__TASK DESCRIPTION__: Copy out the data below from the line containing "A programação iniciou-se" to the line containing "- En un Bowl", both lines included, with all images left out.

Data extracted from a collection
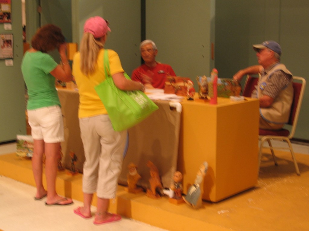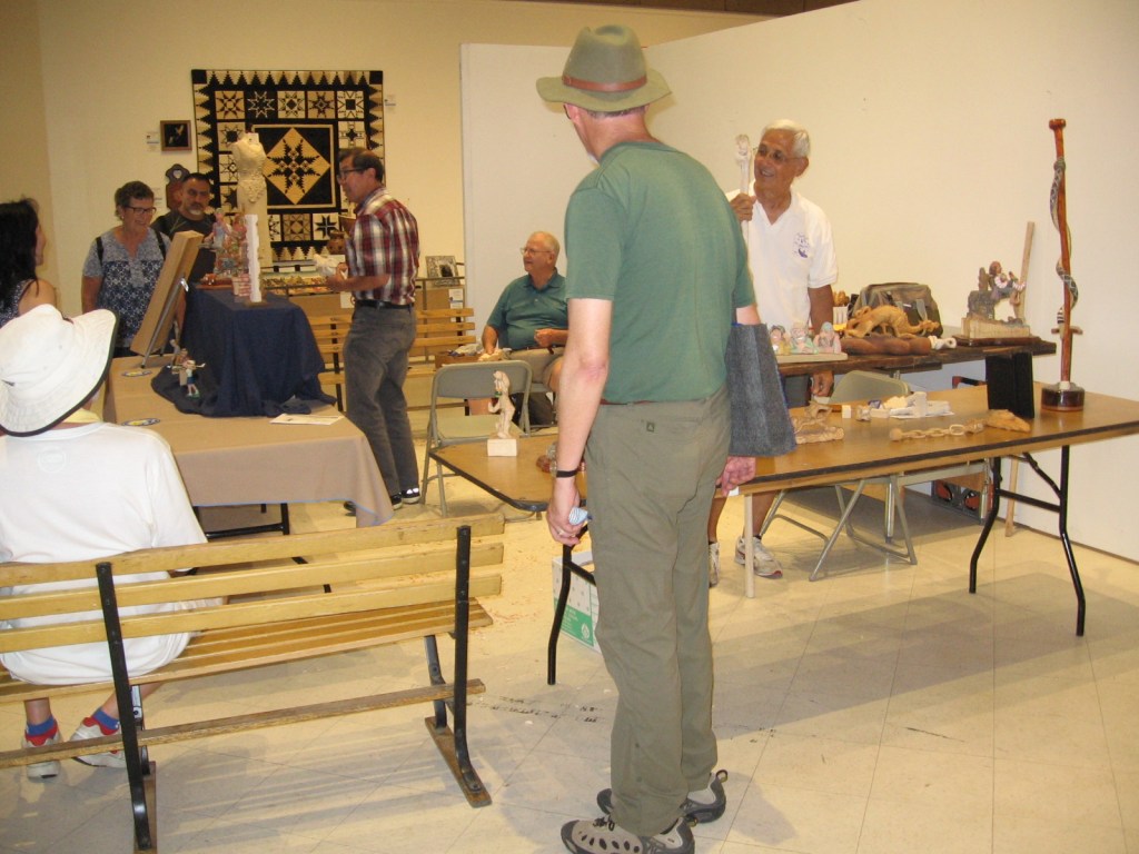 Eleven of our club members demonstrated wood carving and chatted with visitors to the demonstration area inside the Creative Arts Building on Wednesday July 27 and Thursday July 28. The visitors expressed a lot of interest in woodcarving and we were able to put in a lot of “plugs” for our annual club show in May. Altogether we passed out approximately 60 of Kath Gervais’ threefold brochure which provides information about our club and our show and also includes a membership application.
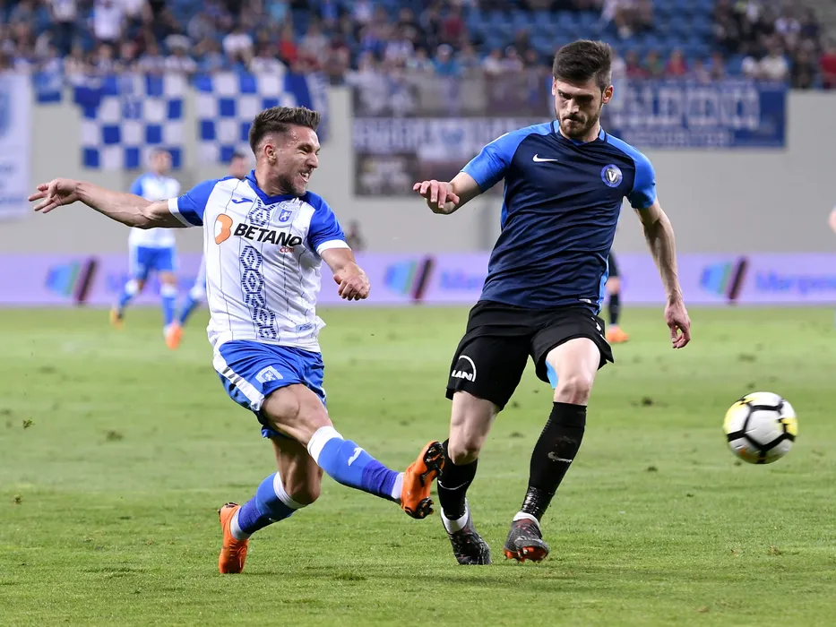 Alexandru Baluta si Robert Hodorogea in meciul de fotbal dintre CS Universitatea Craiova si FC Viitorul, din cadrul play off-ul Ligii 1 Betano, desfasurat pe Stadionul Ion Oblemenco din Craiova, sambata 28 aprilie 2018. © FOTO Razvan Pasarica/SPORT PICTURES
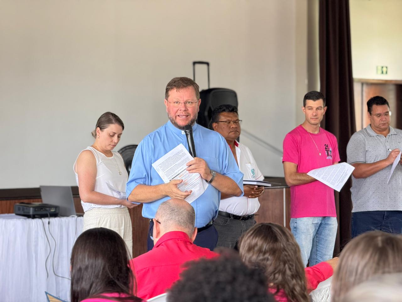 A programação iniciou-se com a Santa Missa presidida por Dom Celso Antônio Marchiori, que destacou que o encontro não era “uma simples reunião de trabalho, mas um momento de Igreja, Corpo unido de Cristo, que se reúne para escutar o Espírito”. Em sua homilia, o bispo recordou que a conversão pastoral nasce de uma conversão pessoal: “Estruturas, costumes e até métodos pastorais podem, se não vigiarmos, ocupar o lugar do essencial. Às vezes caímos na tentação de dizer: ‘Sempre foi assim’. Isso nos impede a mudança.”
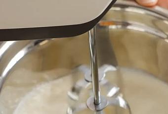 - En un Bowl colocar la Crema y batir intensamente hasta montar a “medio punto”, esto quiere decir que debemos incorporar aire con el batido hasta que la crema deje de ser líquida pero sin llegar a montarse por completo.
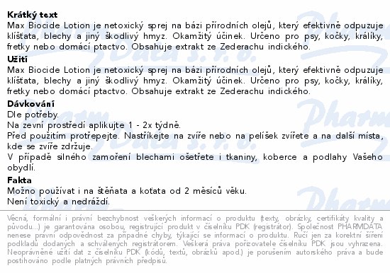 Max Biocide Lotion je netoxický sprej na bázi přírodních olejů, který efektivně odpuzuje klíšťata, blechy a jiný škodlivý hmyz. Okamžitý účinek. Určeno pro psy, kočky, králíky, fretky nebo domácí ptactvo. Obsahuje extrakt ze Zederachu indického.
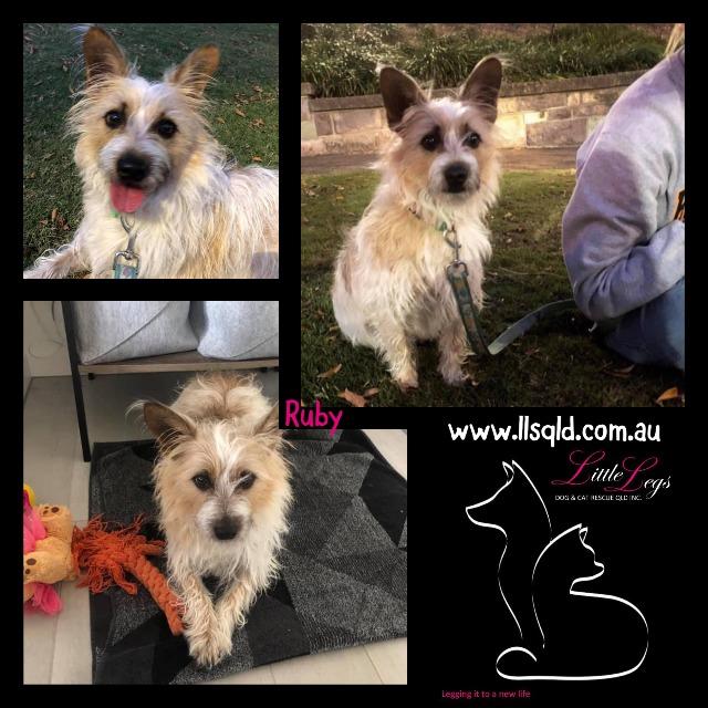 Ruby came into Little Legs' care after her owner's circumstances changed and they weren't able to keep up with her active lifestyle. She previously lived in a home with another small dog and children.

__RESPONSE TO THIS EXERCISE__:
 A programação iniciou-se com a Santa Missa presidida por Dom Celso Antônio Marchiori, que destacou que o encontro não era “uma simples reunião de trabalho, mas um momento de Igreja, Corpo unido de Cristo, que se reúne para escutar o Espírito”. Em sua homilia, o bispo recordou que a conversão pastoral nasce de uma conversão pessoal: “Estruturas, costumes e até métodos pastorais podem, se não vigiarmos, ocupar o lugar do essencial. Às vezes caímos na tentação de dizer: ‘Sempre foi assim’. Isso nos impede a mudança.”
 - En un Bowl colocar la Crema y batir intensamente hasta montar a “medio punto”, esto quiere decir que debemos incorporar aire con el batido hasta que la crema deje de ser líquida pero sin llegar a montarse por completo.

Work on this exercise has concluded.